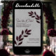 These elegant wedding save the date cards feature a rustic yet modern design with sprigs of burgundy or wine red colored watercolor leaves entering from both sides of the card on a gray background. The typography is unique and elegant with both left and right justified text. Simple and stylish, these cards are the perfect way to let your friends and family know about your upcoming wedding.
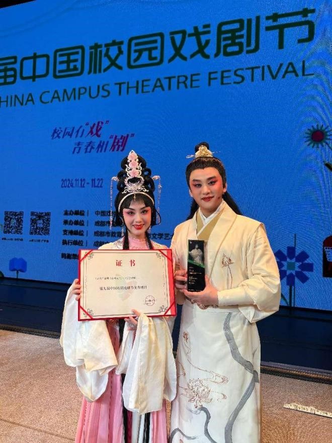 本網訊(贛劇藝術中心)近日,第九屆中國校園戲劇節展演活動在四川成都舉行,從全國210多所院校的355個劇目中評審入圍的39臺劇目參加展演。由南昌大學出品,南昌大學藝術學院、贛劇文化藝術中心打造,江西省戲劇家協會選送的贛劇《南柯悟道》精彩上演,并獲最高榮譽“優秀劇目”獎。這也是南昌大學繼2010年第二屆中國校園戲劇節之后,再度獲此殊榮。
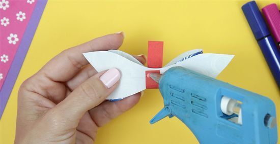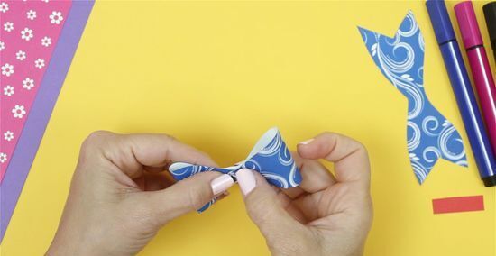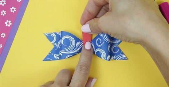 Glue the skinny rectangle to the middle of the bow. Place a drop of glue in the middle of your bow, then press the rectangle into the glue. Make sure that the rectangle is perpendicular to the bow, creating a + shape. If you are using patterned paper, make sure that the colored side is facing up.
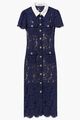 NAVY LACE CONTRAST COLLAR MIDI DRESS
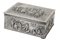 SCATOLA RETTANGOLARE IN ARGENTO E LEGNO XIX Sec. sbalzata e decorata a motivi di personaggi in costume A SILVER AND WOODEN CASE 19th century Decorated with disguised figures 4,5x11,5x9 cm.
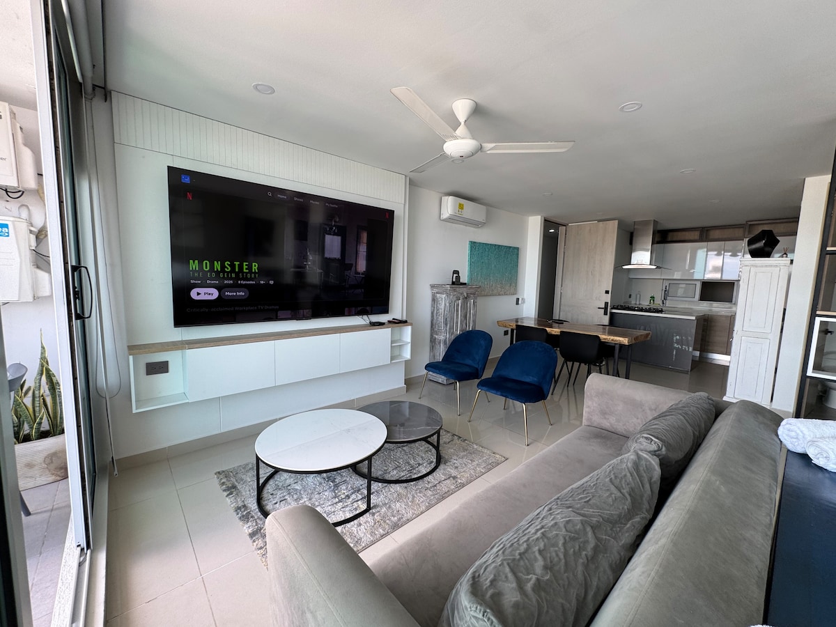 Красивая современная квартира на возвышенности на севере Барранкильи. Просторная квартира состоит из: - 1 просторный вход; - комната с телевизором на открытом воздухе; - диван-кровать; - островная кухня; - номер с собственной ванной комнатой и кондиционером; - Красивая просторная комната с кондиционером. - 1 фантастическая ванная комната с роскошным душем. - 1 общественная ванная комната, которая соединяется непосредственно с гостиной.
——————————
What needs to be done: In your copy, exclude the pictures and repeat each entry above exactly.

Response below:
 These elegant wedding save the date cards feature a rustic yet modern design with sprigs of burgundy or wine red colored watercolor leaves entering from both sides of the card on a gray background. The typography is unique and elegant with both left and right justified text. Simple and stylish, these cards are the perfect way to let your friends and family know about your upcoming wedding.
 本網訊(贛劇藝術中心)近日,第九屆中國校園戲劇節展演活動在四川成都舉行,從全國210多所院校的355個劇目中評審入圍的39臺劇目參加展演。由南昌大學出品,南昌大學藝術學院、贛劇文化藝術中心打造,江西省戲劇家協會選送的贛劇《南柯悟道》精彩上演,并獲最高榮譽“優秀劇目”獎。這也是南昌大學繼2010年第二屆中國校園戲劇節之后,再度獲此殊榮。
 Glue the skinny rectangle to the middle of the bow. Place a drop of glue in the middle of your bow, then press the rectangle into the glue. Make sure that the rectangle is perpendicular to the bow, creating a + shape. If you are using patterned paper, make sure that the colored side is facing up.
 NAVY LACE CONTRAST COLLAR MIDI DRESS
 SCATOLA RETTANGOLARE IN ARGENTO E LEGNO XIX Sec. sbalzata e decorata a motivi di personaggi in costume A SILVER AND WOODEN CASE 19th century Decorated with disguised figures 4,5x11,5x9 cm.
 Красивая современная квартира на возвышенности на севере Барранкильи. Просторная квартира состоит из: - 1 просторный вход; - комната с телевизором на открытом воздухе; - диван-кровать; - островная кухня; - номер с собственной ванной комнатой и кондиционером; - Красивая просторная комната с кондиционером. - 1 фантастическая ванная комната с роскошным душем. - 1 общественная ванная комната, которая соединяется непосредственно с гостиной.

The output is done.